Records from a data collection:
>>>
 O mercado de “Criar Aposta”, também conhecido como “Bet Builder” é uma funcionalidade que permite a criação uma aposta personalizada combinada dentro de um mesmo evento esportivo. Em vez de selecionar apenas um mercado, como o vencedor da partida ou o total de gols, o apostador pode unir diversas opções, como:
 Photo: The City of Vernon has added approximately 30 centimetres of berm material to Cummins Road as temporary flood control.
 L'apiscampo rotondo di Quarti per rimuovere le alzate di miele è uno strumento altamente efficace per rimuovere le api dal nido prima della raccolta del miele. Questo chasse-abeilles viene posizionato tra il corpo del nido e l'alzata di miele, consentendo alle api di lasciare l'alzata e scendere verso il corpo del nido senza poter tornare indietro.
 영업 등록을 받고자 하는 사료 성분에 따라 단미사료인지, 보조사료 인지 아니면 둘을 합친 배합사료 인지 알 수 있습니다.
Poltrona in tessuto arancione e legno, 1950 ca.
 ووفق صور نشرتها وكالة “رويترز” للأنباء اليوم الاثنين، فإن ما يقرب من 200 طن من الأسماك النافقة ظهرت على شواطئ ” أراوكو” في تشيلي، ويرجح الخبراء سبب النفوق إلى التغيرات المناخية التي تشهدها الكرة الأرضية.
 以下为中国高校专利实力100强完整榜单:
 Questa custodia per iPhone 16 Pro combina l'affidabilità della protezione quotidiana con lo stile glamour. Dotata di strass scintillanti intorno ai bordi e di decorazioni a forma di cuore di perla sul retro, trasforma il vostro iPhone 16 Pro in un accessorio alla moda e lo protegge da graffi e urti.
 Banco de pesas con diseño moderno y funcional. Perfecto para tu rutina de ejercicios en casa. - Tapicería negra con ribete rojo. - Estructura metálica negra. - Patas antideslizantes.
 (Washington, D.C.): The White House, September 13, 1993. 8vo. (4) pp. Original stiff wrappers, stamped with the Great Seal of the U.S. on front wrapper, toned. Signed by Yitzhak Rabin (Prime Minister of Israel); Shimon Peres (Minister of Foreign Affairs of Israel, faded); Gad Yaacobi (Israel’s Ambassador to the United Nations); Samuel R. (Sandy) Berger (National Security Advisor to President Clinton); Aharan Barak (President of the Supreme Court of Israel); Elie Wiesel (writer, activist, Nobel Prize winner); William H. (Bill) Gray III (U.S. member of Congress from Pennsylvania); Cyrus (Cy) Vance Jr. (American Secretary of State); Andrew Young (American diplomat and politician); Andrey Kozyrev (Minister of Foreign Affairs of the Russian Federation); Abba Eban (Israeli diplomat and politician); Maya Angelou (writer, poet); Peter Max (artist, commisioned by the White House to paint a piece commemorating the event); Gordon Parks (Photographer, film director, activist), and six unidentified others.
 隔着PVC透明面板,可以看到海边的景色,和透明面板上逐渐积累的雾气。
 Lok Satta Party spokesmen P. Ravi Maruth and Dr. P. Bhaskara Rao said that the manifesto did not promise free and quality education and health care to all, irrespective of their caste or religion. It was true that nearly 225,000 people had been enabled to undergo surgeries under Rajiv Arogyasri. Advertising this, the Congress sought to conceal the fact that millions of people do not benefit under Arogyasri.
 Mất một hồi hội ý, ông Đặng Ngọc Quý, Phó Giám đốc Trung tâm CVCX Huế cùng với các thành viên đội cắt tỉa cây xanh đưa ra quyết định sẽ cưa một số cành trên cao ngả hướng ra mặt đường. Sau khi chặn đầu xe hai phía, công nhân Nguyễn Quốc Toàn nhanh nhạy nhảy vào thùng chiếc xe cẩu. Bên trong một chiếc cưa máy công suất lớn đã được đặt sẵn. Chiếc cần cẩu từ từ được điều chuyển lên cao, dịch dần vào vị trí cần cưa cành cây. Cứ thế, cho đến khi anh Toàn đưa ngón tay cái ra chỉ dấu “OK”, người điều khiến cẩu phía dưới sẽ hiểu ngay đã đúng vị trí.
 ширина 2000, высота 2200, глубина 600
<<<
Each line shown above must be repeated exactly.

 O mercado de “Criar Aposta”, também conhecido como “Bet Builder” é uma funcionalidade que permite a criação uma aposta personalizada combinada dentro de um mesmo evento esportivo. Em vez de selecionar apenas um mercado, como o vencedor da partida ou o total de gols, o apostador pode unir diversas opções, como:
 Photo: The City of Vernon has added approximately 30 centimetres of berm material to Cummins Road as temporary flood control.
 L'apiscampo rotondo di Quarti per rimuovere le alzate di miele è uno strumento altamente efficace per rimuovere le api dal nido prima della raccolta del miele. Questo chasse-abeilles viene posizionato tra il corpo del nido e l'alzata di miele, consentendo alle api di lasciare l'alzata e scendere verso il corpo del nido senza poter tornare indietro.
 영업 등록을 받고자 하는 사료 성분에 따라 단미사료인지, 보조사료 인지 아니면 둘을 합친 배합사료 인지 알 수 있습니다.
Poltrona in tessuto arancione e legno, 1950 ca.
 ووفق صور نشرتها وكالة “رويترز” للأنباء اليوم الاثنين، فإن ما يقرب من 200 طن من الأسماك النافقة ظهرت على شواطئ ” أراوكو” في تشيلي، ويرجح الخبراء سبب النفوق إلى التغيرات المناخية التي تشهدها الكرة الأرضية.
 以下为中国高校专利实力100强完整榜单:
 Questa custodia per iPhone 16 Pro combina l'affidabilità della protezione quotidiana con lo stile glamour. Dotata di strass scintillanti intorno ai bordi e di decorazioni a forma di cuore di perla sul retro, trasforma il vostro iPhone 16 Pro in un accessorio alla moda e lo protegge da graffi e urti.
 Banco de pesas con diseño moderno y funcional. Perfecto para tu rutina de ejercicios en casa. - Tapicería negra con ribete rojo. - Estructura metálica negra. - Patas antideslizantes.
 (Washington, D.C.): The White House, September 13, 1993. 8vo. (4) pp. Original stiff wrappers, stamped with the Great Seal of the U.S. on front wrapper, toned. Signed by Yitzhak Rabin (Prime Minister of Israel); Shimon Peres (Minister of Foreign Affairs of Israel, faded); Gad Yaacobi (Israel’s Ambassador to the United Nations); Samuel R. (Sandy) Berger (National Security Advisor to President Clinton); Aharan Barak (President of the Supreme Court of Israel); Elie Wiesel (writer, activist, Nobel Prize winner); William H. (Bill) Gray III (U.S. member of Congress from Pennsylvania); Cyrus (Cy) Vance Jr. (American Secretary of State); Andrew Young (American diplomat and politician); Andrey Kozyrev (Minister of Foreign Affairs of the Russian Federation); Abba Eban (Israeli diplomat and politician); Maya Angelou (writer, poet); Peter Max (artist, commisioned by the White House to paint a piece commemorating the event); Gordon Parks (Photographer, film director, activist), and six unidentified others.
 隔着PVC透明面板,可以看到海边的景色,和透明面板上逐渐积累的雾气。
 Lok Satta Party spokesmen P. Ravi Maruth and Dr. P. Bhaskara Rao said that the manifesto did not promise free and quality education and health care to all, irrespective of their caste or religion. It was true that nearly 225,000 people had been enabled to undergo surgeries under Rajiv Arogyasri. Advertising this, the Congress sought to conceal the fact that millions of people do not benefit under Arogyasri.
 Mất một hồi hội ý, ông Đặng Ngọc Quý, Phó Giám đốc Trung tâm CVCX Huế cùng với các thành viên đội cắt tỉa cây xanh đưa ra quyết định sẽ cưa một số cành trên cao ngả hướng ra mặt đường. Sau khi chặn đầu xe hai phía, công nhân Nguyễn Quốc Toàn nhanh nhạy nhảy vào thùng chiếc xe cẩu. Bên trong một chiếc cưa máy công suất lớn đã được đặt sẵn. Chiếc cần cẩu từ từ được điều chuyển lên cao, dịch dần vào vị trí cần cưa cành cây. Cứ thế, cho đến khi anh Toàn đưa ngón tay cái ra chỉ dấu “OK”, người điều khiến cẩu phía dưới sẽ hiểu ngay đã đúng vị trí.
 ширина 2000, высота 2200, глубина 600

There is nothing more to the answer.